The photocatalytic activity of titanium dioxide is manifested by the absorption of ultraviolet light that is only partially contained in natural light such as sunlight, incandescent lamps and fluorescent lamps, but the photocatalytic activity of titanium dioxide in visible light irradiation is higher than that of ultraviolet light irradiation Significantly lower.
It is known to increase the specific surface area of the catalyst and to increase the catalytic activity point as one of the means for improving the catalytic activity of general photocatalysts. For example, Patent Document 1 aims to provide a method capable of easily producing a titania-based catalyst having excellent photocatalytic activity from commercially available inexpensive general-purpose titania, and uses crystalline or amorphous titania with an alkali or acid. A process for producing a chemically treated titania-based catalyst is disclosed.

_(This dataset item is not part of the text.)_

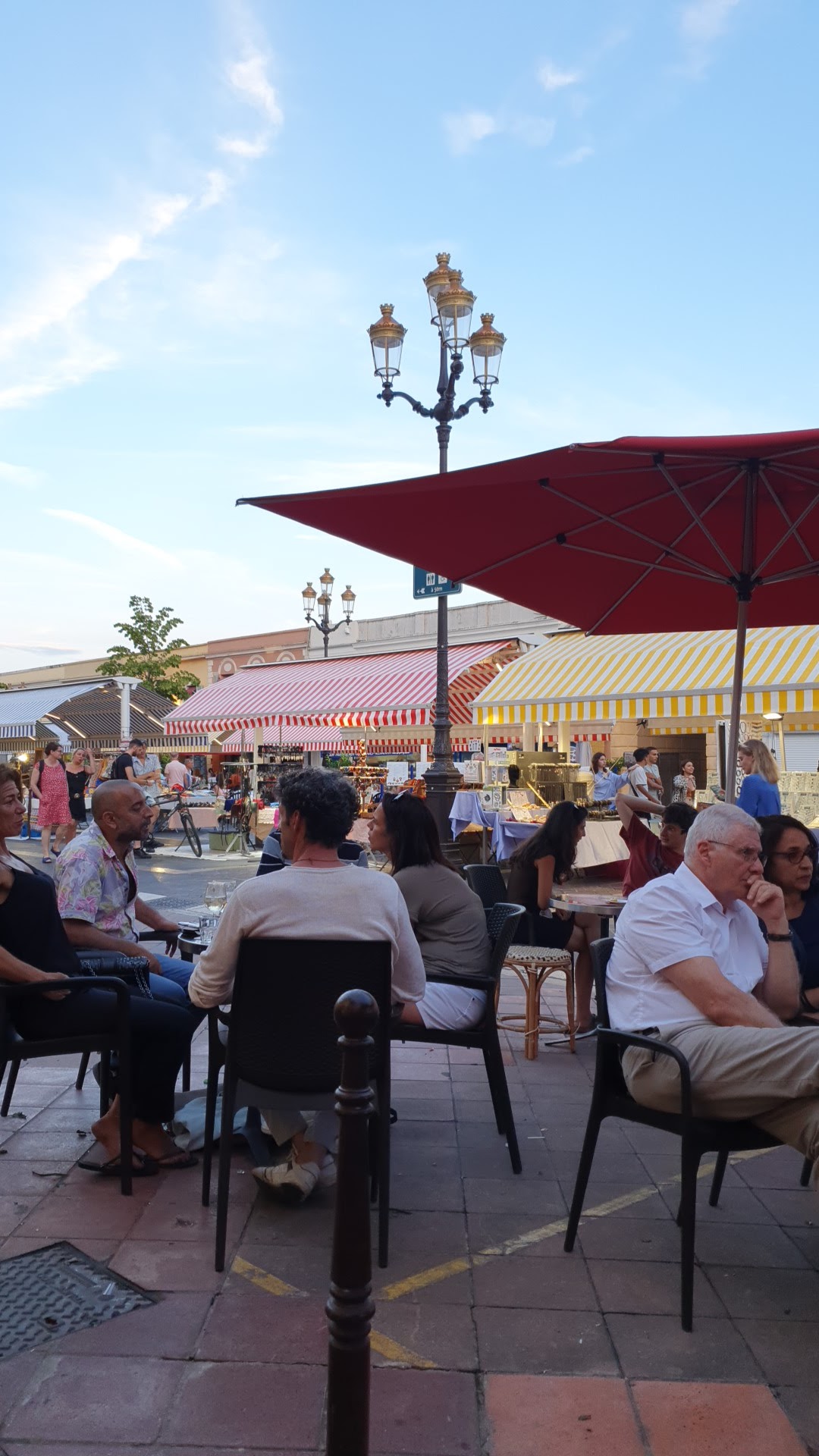 c'était un restaurant très fréquenté avec de nombreuses places assises à l'extérieur. nous avons apprécié la musique live du groupe de jazz. notre salade niçoise, notre omelette et notre socca étaient savoureuses. le service était en fait assez rapide jusqu'à la toute fin lorsque nous voulions partir. et avons dû attendre longtemps pour attirer l'attention des serveurs. est compréhensible... et heureusement, nous avions juste assez d'argent. dans l'ensemble, ce fut une bonne expérience... mais pas si l'on dispose de peu de temps.

Moreover, it is known that the photocatalytic activity in the visible light region is improved by adding (doping) a small amount of impurity such as nitrogen to titanium dioxide. As a doping method, there are a sputtering method and a mechanochemical method. For example, Patent Document 2 prepares a precursor by mechanochemically treating zinc oxide (ZnO) and a nitrogen source or a sulfur source, with the task of exhibiting a photocatalytic function even in the visible light range. Zinc oxide (ZnO) is doped with nitrogen (N) or sulfur (S) by heat-treating this precursor, whereby ZnO _1-x S _x (0.001 ≦ x ≦ 0.3) or It is disclosed that a photocatalyst having a structure represented by ZnO _1−x N _x (0.001 ≦ x ≦ 0.3) can be obtained.

JP 10-15387 A JP, 2007-54692, A

The photocatalyst obtained in Patent Document 1 or 2 is still insufficient in catalytic activity.
The present invention relates to providing a method for producing visible light responsive titanium dioxide photocatalyst particles excellent in catalytic activity.

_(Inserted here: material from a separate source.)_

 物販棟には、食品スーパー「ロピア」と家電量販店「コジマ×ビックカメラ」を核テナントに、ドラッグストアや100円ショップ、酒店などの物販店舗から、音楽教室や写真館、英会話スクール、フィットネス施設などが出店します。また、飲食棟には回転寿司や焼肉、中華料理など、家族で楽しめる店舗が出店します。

The present invention relates to a method for producing titanium dioxide photocatalyst particles, which comprises the following step I and step II.
Step I: Mix titanium dioxide particles and nitrogen-containing organic compound and perform mechanochemical treatment to obtain titanium dioxide particles with reduced crystallite size Step II: Using titanium dioxide particles obtained in step I with acid Acid treatment process

  According to the method of the present invention, visible light responsive titanium dioxide photocatalyst particles excellent in catalytic activity can be produced. The titanium dioxide photocatalyst particles obtained by the method of the present invention are excellent in catalytic activity and can suppress side reactions of photoreaction.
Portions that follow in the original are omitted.